Noting that se == noise between the two stan codes (i.e. they are the same vector, just named differently depending on the input formula syntax), and borrowing rationale from here, the two statements could be made equivalent if:

U \sim N(0, \sigma_{Y})
Y_l \sim N(\mu, \sigma)
Y = U + Y_l \rightarrow Y \sim N\left(\mu, \sqrt{\sigma^2 + \sigma_{Y}^2}\right)

But I am not sure if there’s some flawed logic in there.

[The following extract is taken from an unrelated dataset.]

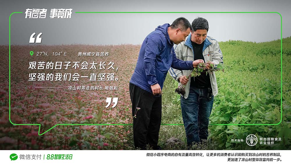 如今,凉山村苦荞正在被更多人认识、购买。而姬敬松并没有停下,依然穿梭在大片荞麦花海中,奔走在扶贫一线。据说最近,他又开始跟随新潮流,学习起了微信小程序直播,为威宁苦荞带货。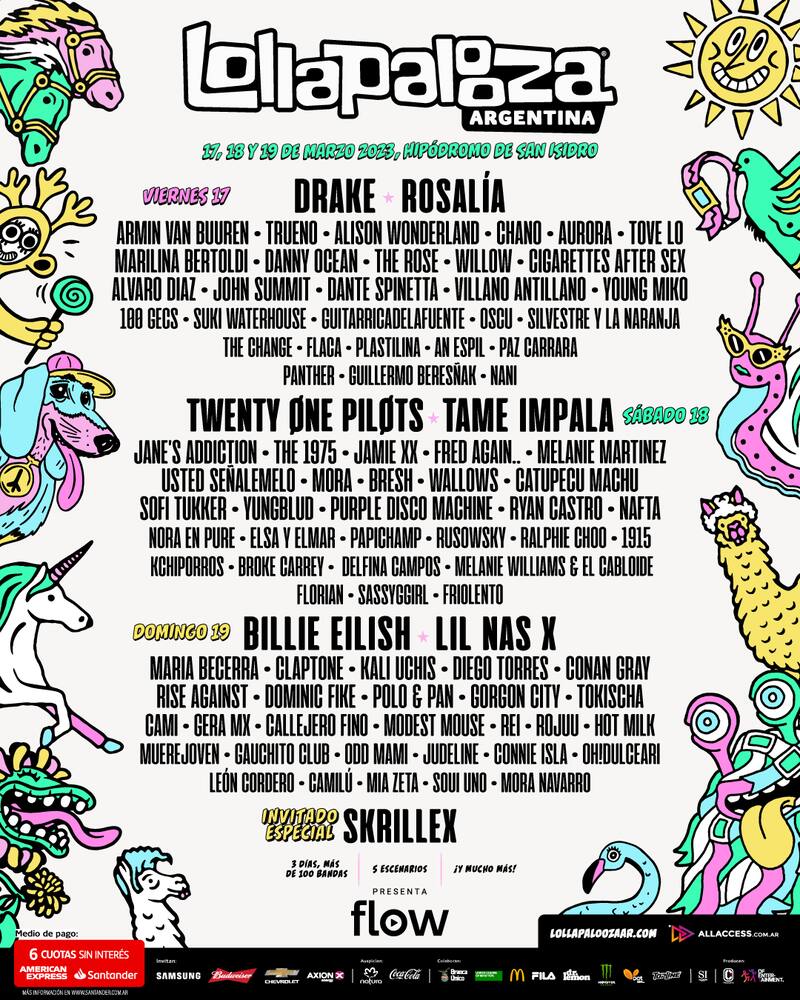 TWENTY ONE PILOTS / TAME IMPALA / JANE´S ADDICTION / THE 1975 / JAMIE XX / FRED AGAIN / MELANIE MARTINEZ / USTED SEÑALEMELO / MORA / BRESH / WALLOWS / CATUPECU MACHU / SOFI TUKKER / YUNGBLUD / PURPLE DISCO MACHINE / RYAN CASTRO / NAFTA / NORA EN PURE / ELSA Y ELMAR / PAPICHAMP / RUSOWSKY / RALPHIE CHOO / 1915 / KCHIPORROS / BROKE CARREY / DELFINA CAMPOS / MELANIE WILLIAMS & EL CABLOIDE / FLORIAN / ANGELA TORRES / SASSYGGIRL / FRIOLENTO

I was hoping someone might be able to provide some definitive clarity on the issue, and whether my interpretation of the equivalence is correct.

Thanks!!

1 Like

You are interpreting everything correctly. The key point here is that

\mathcal{N}\left(y | \mu, \sqrt{\sigma_1^2 + \sigma_2^2}\right) \propto \int_{-\infty}^\infty \left(\mathcal{N}(y | l, \sigma_1) \times \mathcal{N}(l | \mu, \sigma_2) \right)dl

where \mathcal{N} is the normal probability density function, y is data, and l a dummy equivalent to your Y_l. Thus we say that this normal mixture of normals marginalizes to a normal, where marginalization refers to summing over all of the possible values of l, in this case by integrating over all the reals. You can ask Stan to do this integration for you numerically by declaring l as a parameter and integrating via MCMC, or you can do the integration yourself and give stan the marginalized version. When possible, it’s almost always more efficient to marginalize, and that will certainly be the case here.

1 Like

Thanks very much. I believe it would be useful (and a time saver) to have your explanation incorporated into brms documentations of mi() and se() for the cases where the user is not necessarily interested in estimating the latent vector.